Exercise requirements
Please, from the entries below, transcribe exactly the lines that begin at the line with "Hliníkové kuličkové pero" and end at the line with "Sofirn HS41 4000", without the pictures.

Supplied records
--- START ---

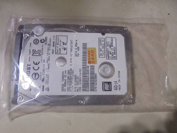 HGST昱科500GB SATA~硬碟裝在ASUS華碩筆記型電腦→貓咪曾於NB上跳躍~經華碩判定硬碟讀取異音無能力處理→已救回工作圖檔~由硬碟座上拔出→新北市中和區-盛小姐【HGST昱科500GB硬碟7mm】
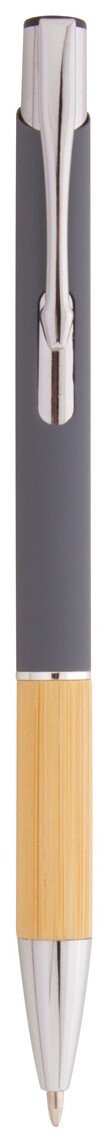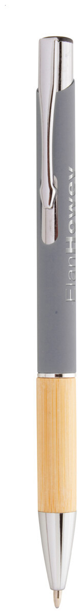 Hliníkové kuličkové pero s bambusovým úchopem, pogumovaným povrchem a modrou náplní. Se speciální vrstvou pro zrcadlové laserové gravírování.
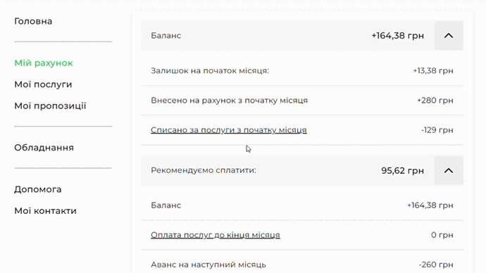 Навпроти посилання «Списано за послуги з початку місяця» Ви можете побачити загальну суму оплат з початку місяця.
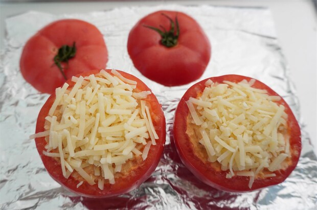 4. 3にピザ用チーズを乗せてトースターで約10分焼く。トマトのフタも一緒に焼く。
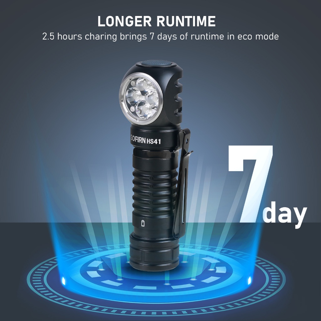 Sofirn HS41 4000 Lumens Rechargeable Headlamp USB C Sudut Kanan Lampu Kuat21700Lampu
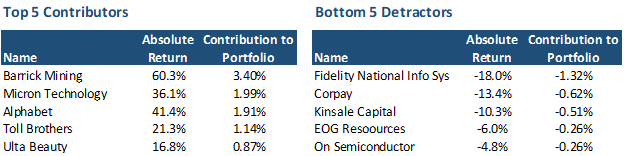 Toll Brothers (TOL) and Ulta Beauty (ULTA) rounded out our list of top 5 contributions to the portfolio’s return this quarter. You can find a list of the portfolio’s top contributors and detractors in the table below.
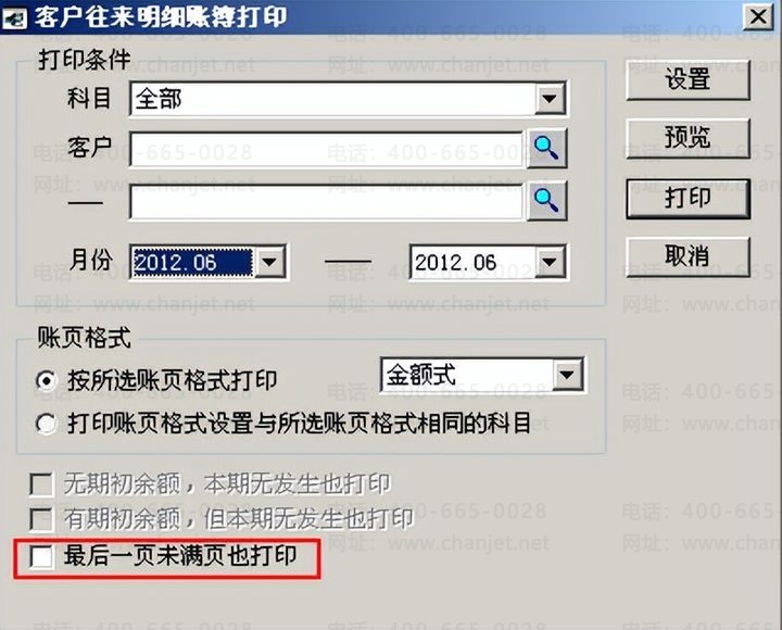都能查询出来的,并且发生的笔数都比较少,大都是3、4笔,多的只有十多笔,那么打印的时候是没有满一页的,第一页即最后一页未满页,打印的时候没有选择“最后一页未满页也打印”。
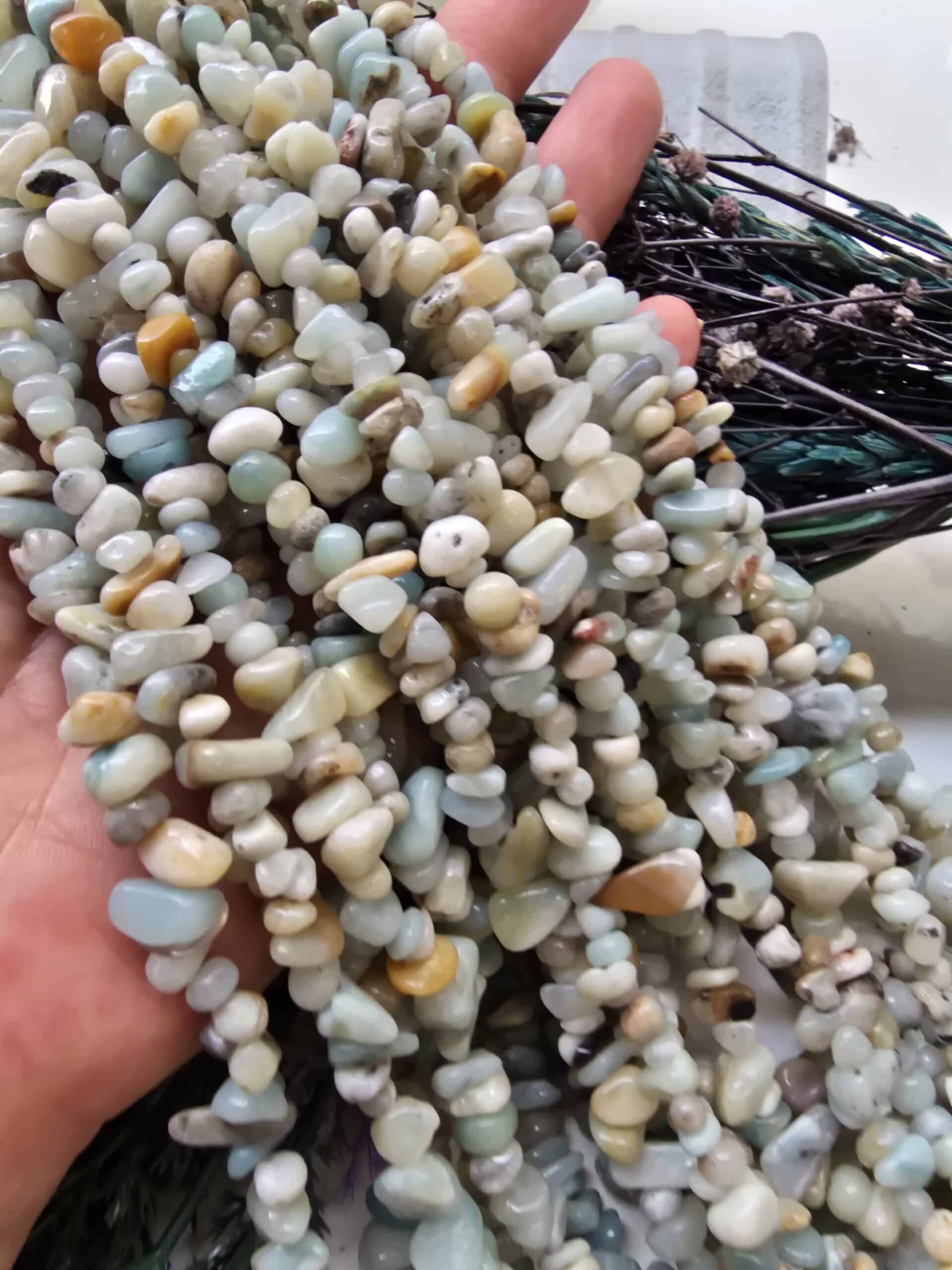 - Amazonit taşlar dizi olarak satılır

--- END ---

Written solution
 Hliníkové kuličkové pero s bambusovým úchopem, pogumovaným povrchem a modrou náplní. Se speciální vrstvou pro zrcadlové laserové gravírování.
 Навпроти посилання «Списано за послуги з початку місяця» Ви можете побачити загальну суму оплат з початку місяця.
 4. 3にピザ用チーズを乗せてトースターで約10分焼く。トマトのフタも一緒に焼く。
 Sofirn HS41 4000 Lumens Rechargeable Headlamp USB C Sudut Kanan Lampu Kuat21700Lampu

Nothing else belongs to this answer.